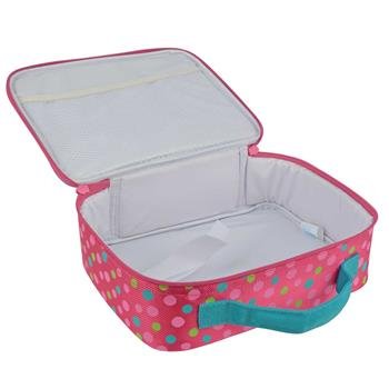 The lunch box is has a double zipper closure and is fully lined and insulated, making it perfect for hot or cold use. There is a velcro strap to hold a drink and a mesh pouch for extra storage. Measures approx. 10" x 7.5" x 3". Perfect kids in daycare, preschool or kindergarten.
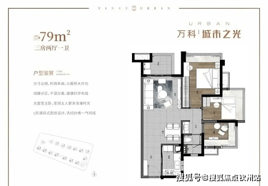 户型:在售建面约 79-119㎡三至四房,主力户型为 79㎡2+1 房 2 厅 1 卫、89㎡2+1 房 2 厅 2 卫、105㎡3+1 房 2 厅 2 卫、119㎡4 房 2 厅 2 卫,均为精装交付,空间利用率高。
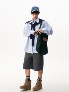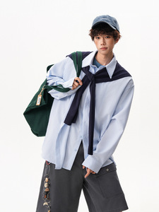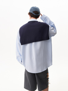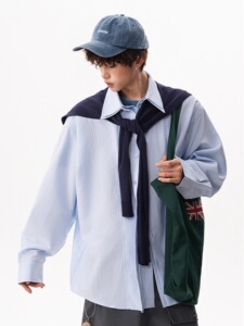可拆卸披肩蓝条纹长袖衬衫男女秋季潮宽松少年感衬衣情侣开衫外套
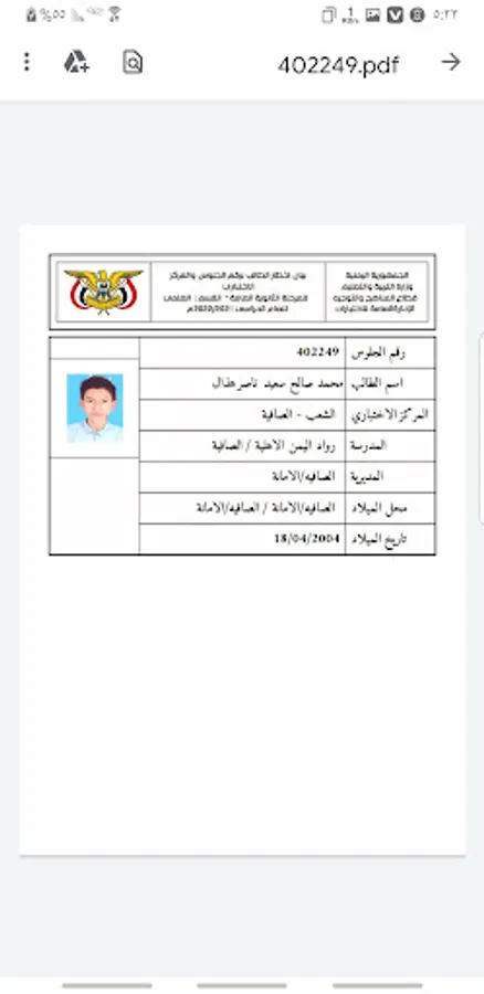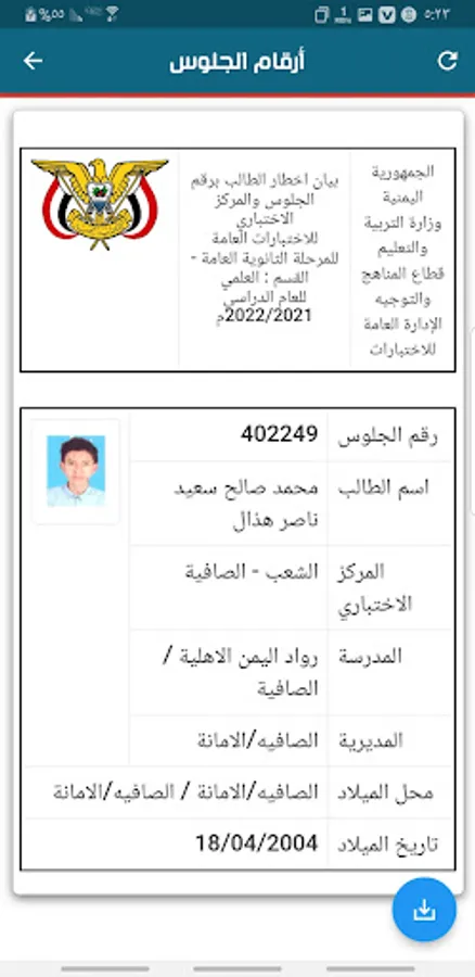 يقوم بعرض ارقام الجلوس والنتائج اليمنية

• • • • • • •

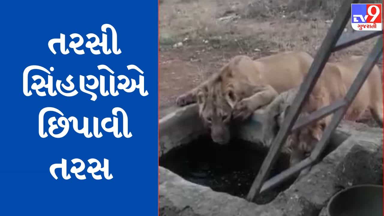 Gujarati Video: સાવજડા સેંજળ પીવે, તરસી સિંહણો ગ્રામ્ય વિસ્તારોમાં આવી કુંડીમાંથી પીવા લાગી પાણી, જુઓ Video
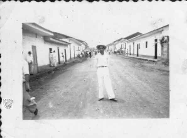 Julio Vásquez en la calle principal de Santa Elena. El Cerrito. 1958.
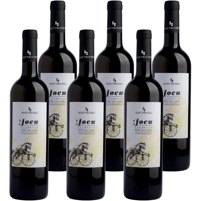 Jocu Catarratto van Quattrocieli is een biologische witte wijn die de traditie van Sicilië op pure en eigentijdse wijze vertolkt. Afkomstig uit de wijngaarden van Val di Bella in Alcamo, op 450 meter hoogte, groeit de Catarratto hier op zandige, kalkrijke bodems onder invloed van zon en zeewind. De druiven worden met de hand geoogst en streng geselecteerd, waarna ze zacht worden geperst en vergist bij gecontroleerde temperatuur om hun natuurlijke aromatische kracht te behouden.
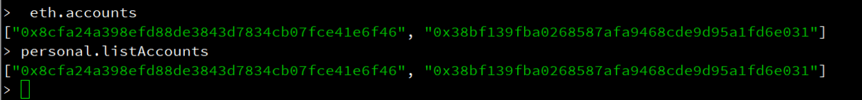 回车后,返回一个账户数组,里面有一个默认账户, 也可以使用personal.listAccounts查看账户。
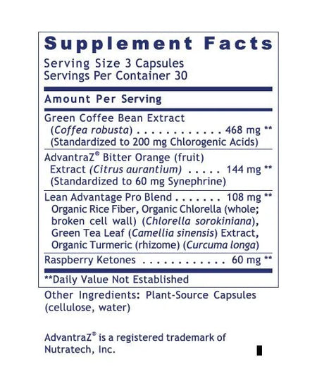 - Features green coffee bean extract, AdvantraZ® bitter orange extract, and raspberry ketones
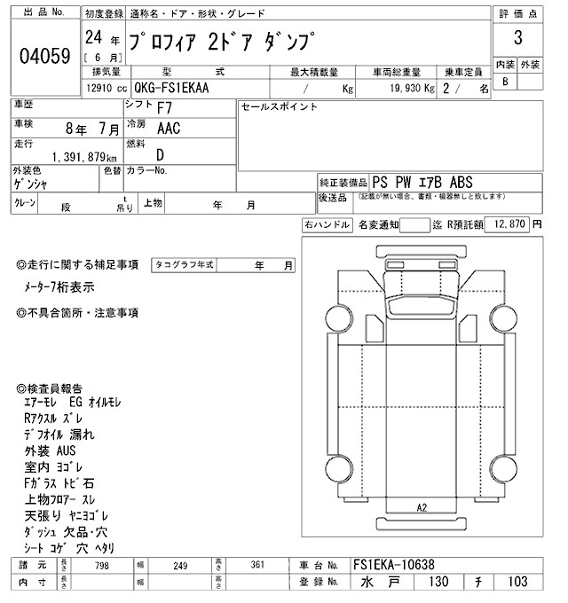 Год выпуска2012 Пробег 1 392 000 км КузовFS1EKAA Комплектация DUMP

• • • • • • •

### YOUR TASK
What is needed is an exact copy of only the lines above from the one with "The lunch box" to the one with "يقوم بعرض ارقام الجلوس والنتائج اليمنية", both kept, with every picture left out.

### RESULT BELOW
 The lunch box is has a double zipper closure and is fully lined and insulated, making it perfect for hot or cold use. There is a velcro strap to hold a drink and a mesh pouch for extra storage. Measures approx. 10" x 7.5" x 3". Perfect kids in daycare, preschool or kindergarten.
 户型:在售建面约 79-119㎡三至四房,主力户型为 79㎡2+1 房 2 厅 1 卫、89㎡2+1 房 2 厅 2 卫、105㎡3+1 房 2 厅 2 卫、119㎡4 房 2 厅 2 卫,均为精装交付,空间利用率高。
可拆卸披肩蓝条纹长袖衬衫男女秋季潮宽松少年感衬衣情侣开衫外套
 يقوم بعرض ارقام الجلوس والنتائج اليمنية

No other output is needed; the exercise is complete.